_Required work_.
Please set down only the lines running from the one with "with this philosophy." through the last line of the entries, exactly as written and without any pictures.

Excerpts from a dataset
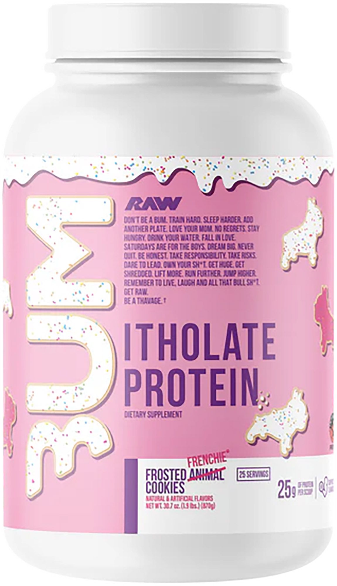 25g of high-quality, grass-fed whey protein isolate per scoop
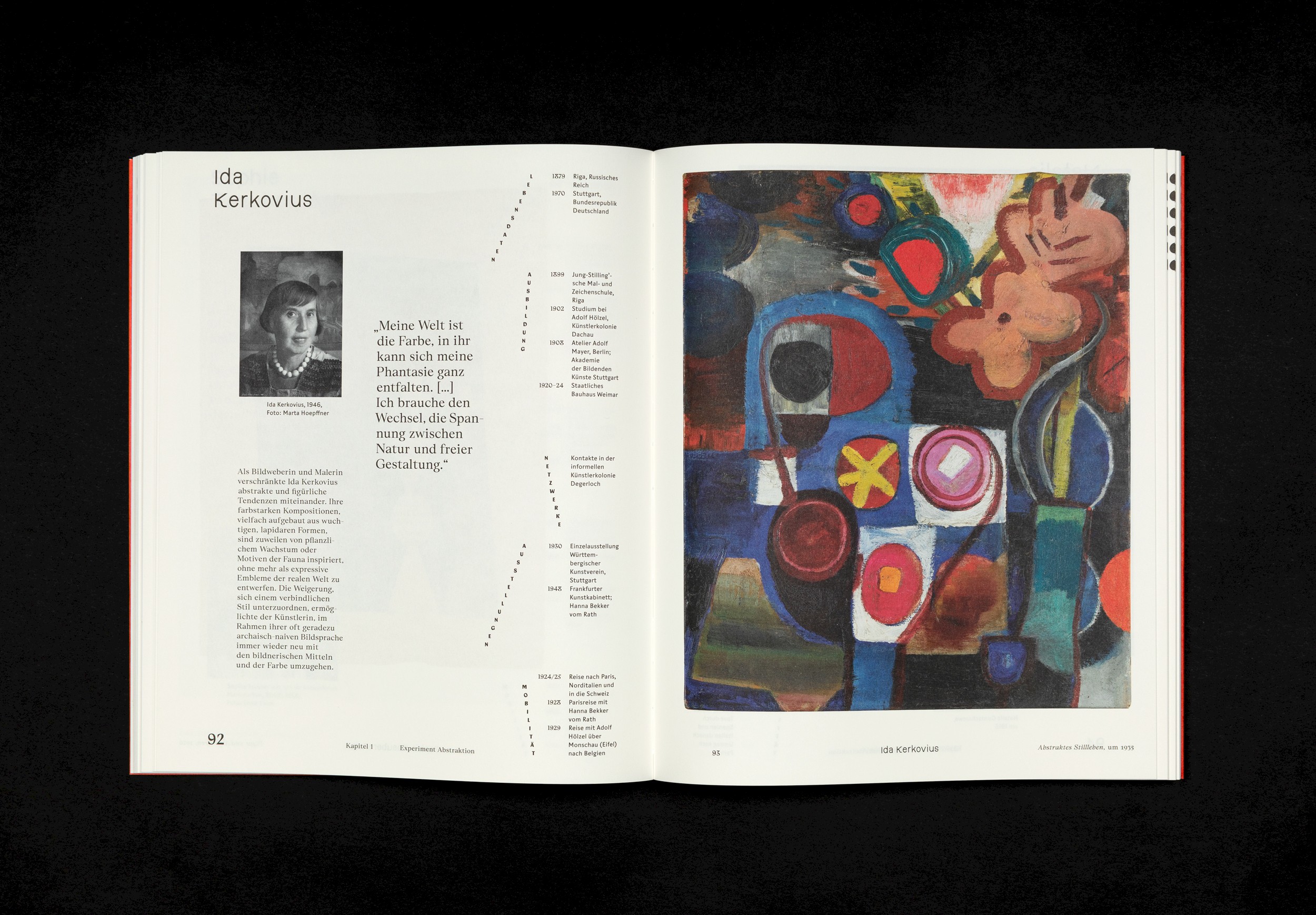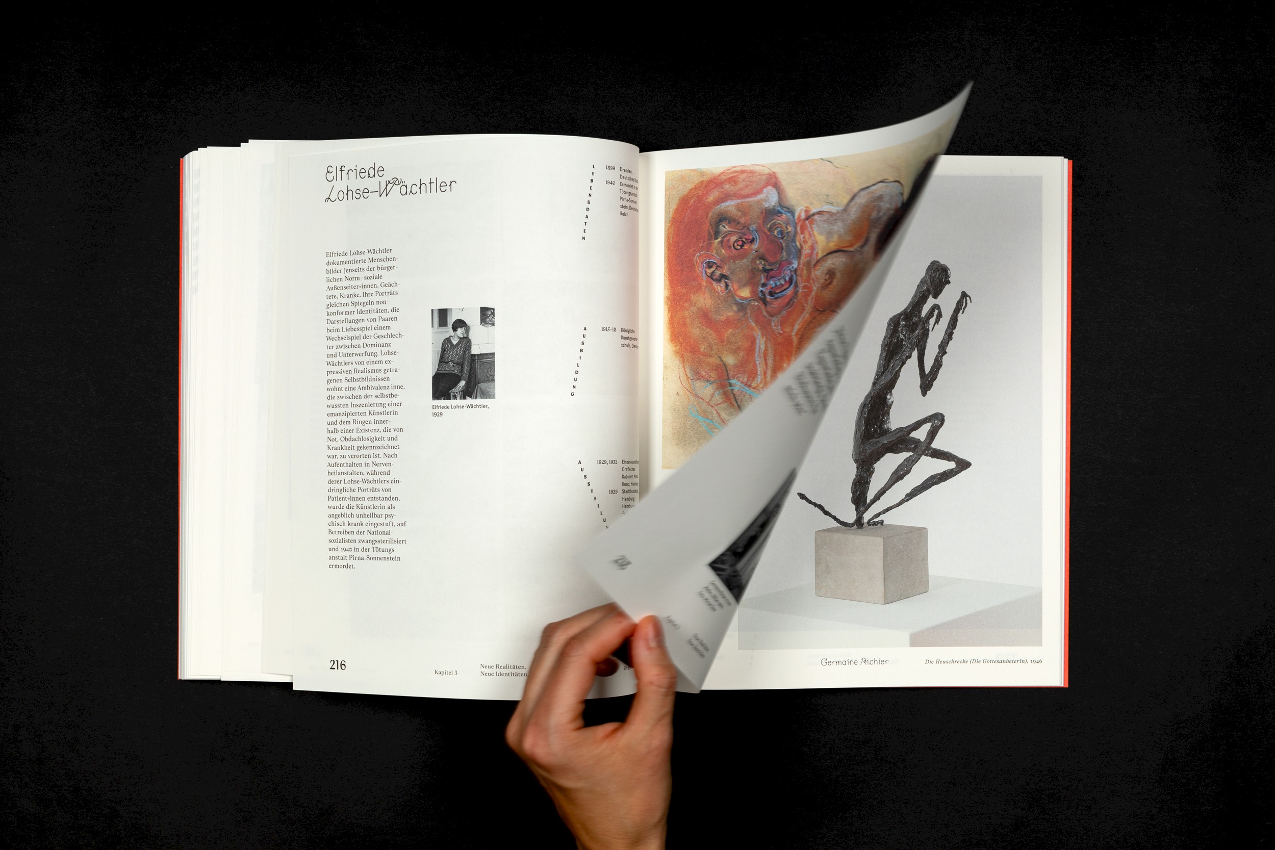 The catalogue pursues a non-linear presentation of art history that is global and multi-perspectival. The use of outdents instead of indents, diagonally set headings, and the chapter-by-chapter migration of text blocks from the right edge of the page toward the left is intended to suggest a break from the art-historical canon.
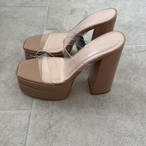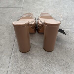 Step out in style with these elegant beige heels featuring transparent straps. Perfect for any occasion, these shoes offer a chic and modern look.
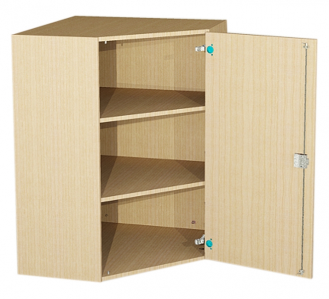 Aufsatz-Eckschrank, BxHxT 90x110x90 cm 1 Tür, abschließbar, Dreholive, 2 Diagonal-Einlegeböden Anstellseite: 50 cm
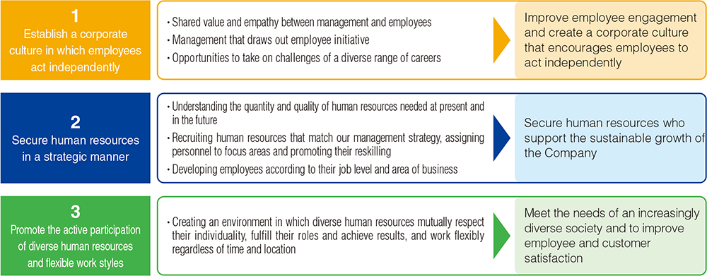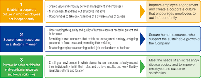 The "Three Basic Principles of Human Capital Management" are linked to our management strategy, and we aim to realize our management strategy and increase our corporate value by promoting the following initiatives in line with this philosophy.
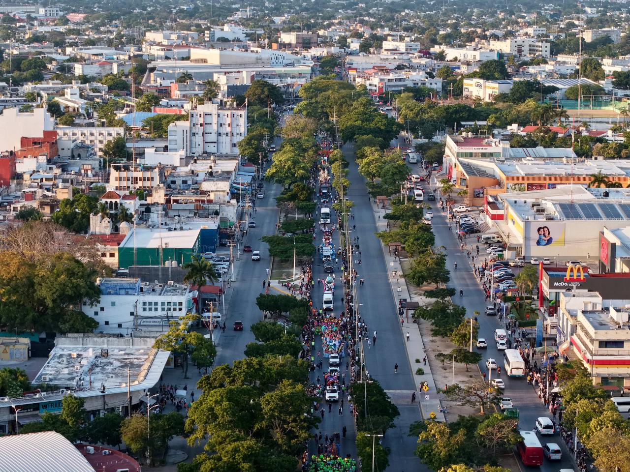 Desde el atardecer, la Avenida Chichén Itzá se transformó en un corredor festivo con el cuarto y último desfile de comparsas, carros alegóricos y soberanos del carnaval. Familias, academias, escuelas y agrupaciones independientes llenaron la Zona Fundacional de color y energía, convirtiendo el recorrido en una auténtica pasarela de creatividad local.
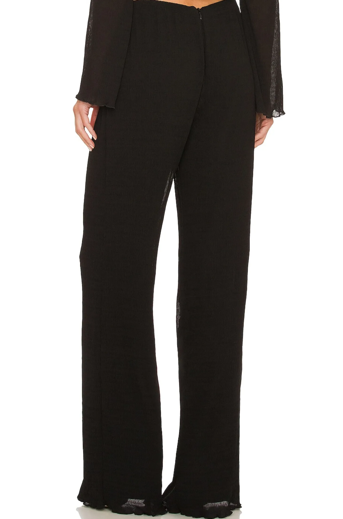 Self: 100% poly Lining: 97% poly 3% spandex.Made in China.Dry clean only.Hidden back zipper closure.Crinkle crepe fabric.Item not sold as a set.24" at the knee and 24" at the leg opening

_Result for this task_.
 The "Three Basic Principles of Human Capital Management" are linked to our management strategy, and we aim to realize our management strategy and increase our corporate value by promoting the following initiatives in line with this philosophy.
 Desde el atardecer, la Avenida Chichén Itzá se transformó en un corredor festivo con el cuarto y último desfile de comparsas, carros alegóricos y soberanos del carnaval. Familias, academias, escuelas y agrupaciones independientes llenaron la Zona Fundacional de color y energía, convirtiendo el recorrido en una auténtica pasarela de creatividad local.
 Self: 100% poly Lining: 97% poly 3% spandex.Made in China.Dry clean only.Hidden back zipper closure.Crinkle crepe fabric.Item not sold as a set.24" at the knee and 24" at the leg opening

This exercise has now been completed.